(Data for review)

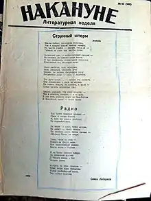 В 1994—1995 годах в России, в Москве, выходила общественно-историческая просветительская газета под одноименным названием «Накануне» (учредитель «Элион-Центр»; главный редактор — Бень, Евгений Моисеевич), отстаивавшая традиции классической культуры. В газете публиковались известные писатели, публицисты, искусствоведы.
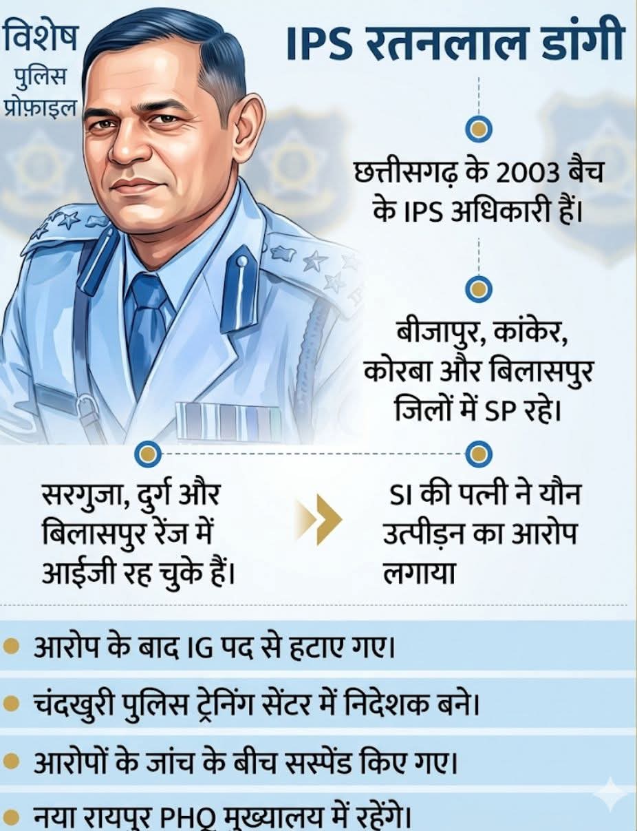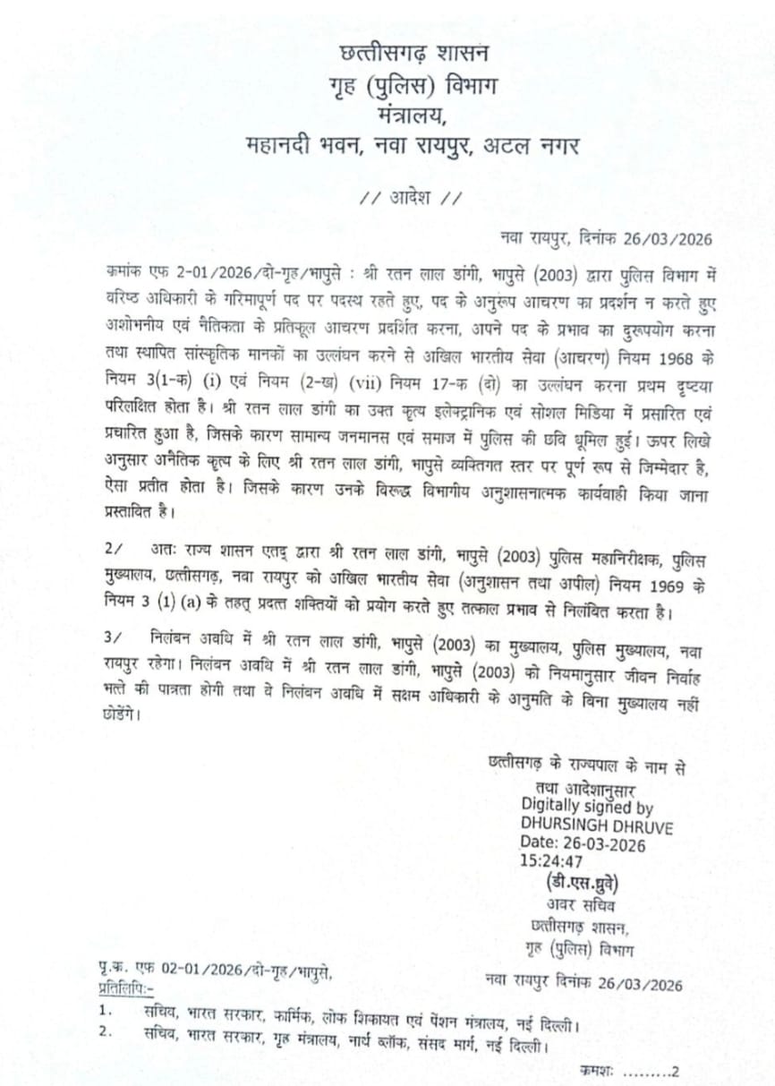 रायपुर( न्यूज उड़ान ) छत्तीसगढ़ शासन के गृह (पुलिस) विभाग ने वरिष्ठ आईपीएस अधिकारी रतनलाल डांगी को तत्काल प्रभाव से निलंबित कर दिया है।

(End Data for review)
(Data for review)

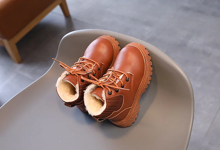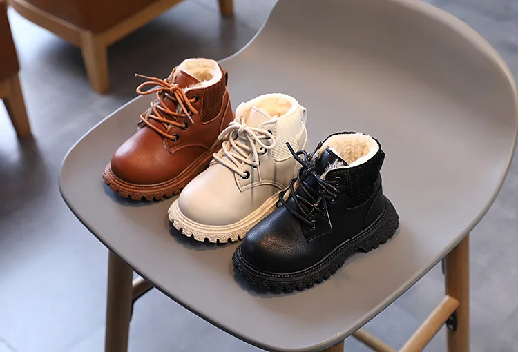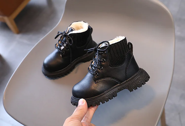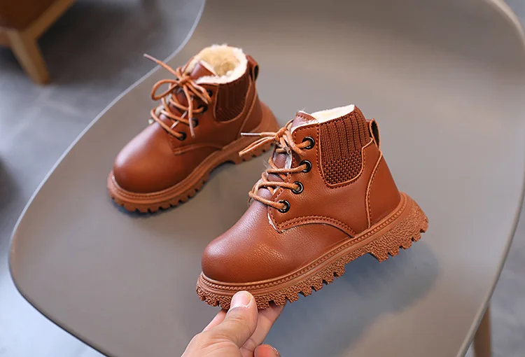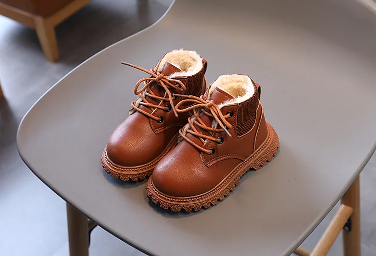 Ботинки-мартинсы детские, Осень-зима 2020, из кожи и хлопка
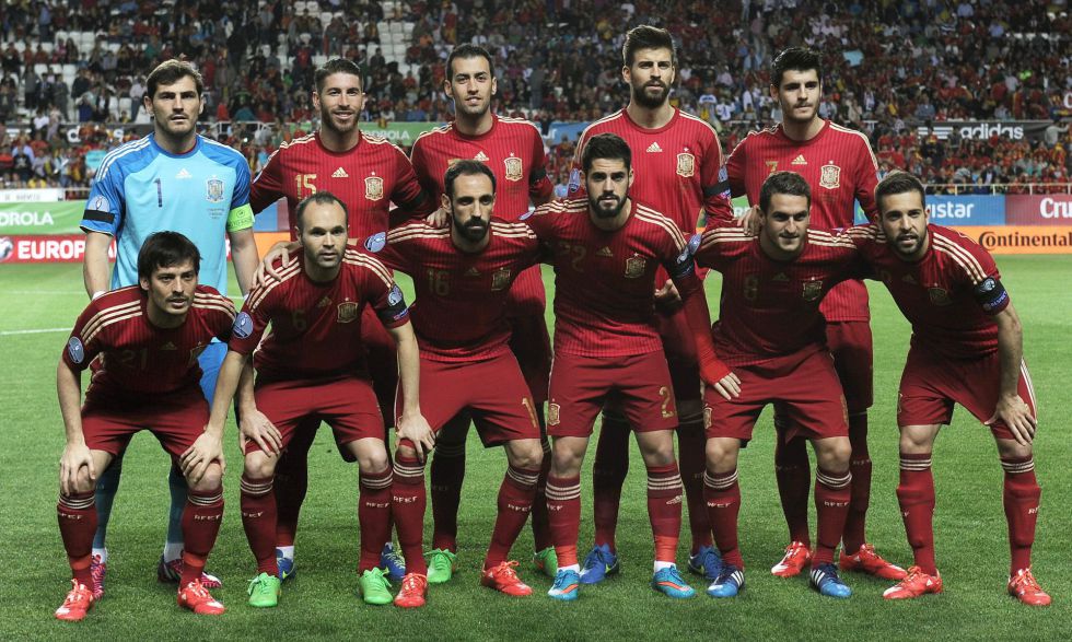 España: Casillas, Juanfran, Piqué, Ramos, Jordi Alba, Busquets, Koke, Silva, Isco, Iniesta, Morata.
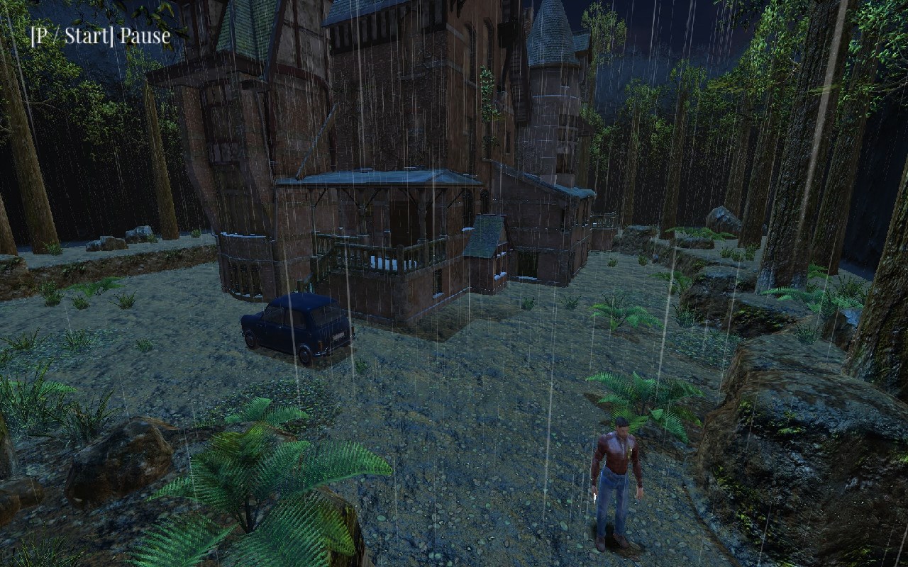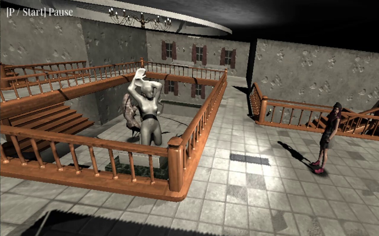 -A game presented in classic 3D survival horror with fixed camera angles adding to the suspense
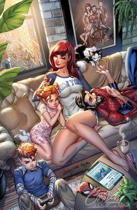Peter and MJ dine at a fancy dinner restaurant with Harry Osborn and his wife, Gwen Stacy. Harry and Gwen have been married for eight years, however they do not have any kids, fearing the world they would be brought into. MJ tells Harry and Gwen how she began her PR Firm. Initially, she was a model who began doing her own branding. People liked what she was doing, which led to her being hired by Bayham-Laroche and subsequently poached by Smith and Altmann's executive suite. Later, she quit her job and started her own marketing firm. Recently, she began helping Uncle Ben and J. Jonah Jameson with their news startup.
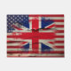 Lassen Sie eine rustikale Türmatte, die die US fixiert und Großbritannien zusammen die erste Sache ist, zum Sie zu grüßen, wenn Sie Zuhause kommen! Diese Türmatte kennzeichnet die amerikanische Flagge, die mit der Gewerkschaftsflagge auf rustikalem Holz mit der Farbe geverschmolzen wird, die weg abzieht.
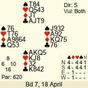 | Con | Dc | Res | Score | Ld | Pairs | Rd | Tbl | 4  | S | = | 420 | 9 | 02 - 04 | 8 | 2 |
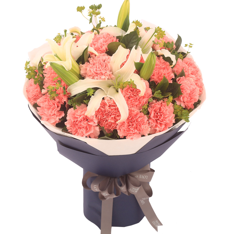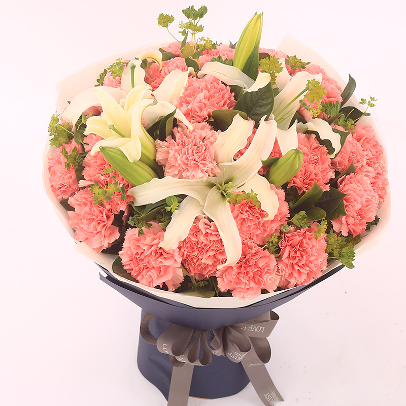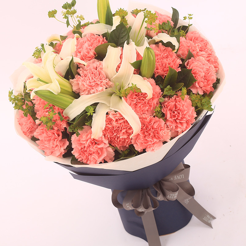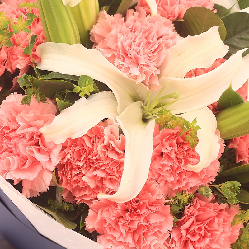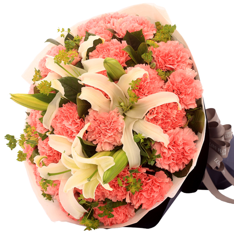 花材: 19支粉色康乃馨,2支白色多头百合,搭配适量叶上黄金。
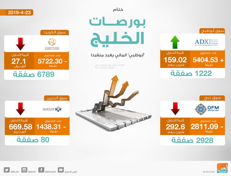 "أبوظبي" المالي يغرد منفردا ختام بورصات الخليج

(End Data for review)

- What needs to be done
Using the records above, repeat exactly the run of lines that starts with the line with "02 - 04 | 8 | 2 |" and goes on through the line with "ختام بورصات الخليج"; omit each picture.

- Solution for this task
 | Con | Dc | Res | Score | Ld | Pairs | Rd | Tbl | 4  | S | = | 420 | 9 | 02 - 04 | 8 | 2 |
 花材: 19支粉色康乃馨,2支白色多头百合,搭配适量叶上黄金。
 "أبوظبي" المالي يغرد منفردا ختام بورصات الخليج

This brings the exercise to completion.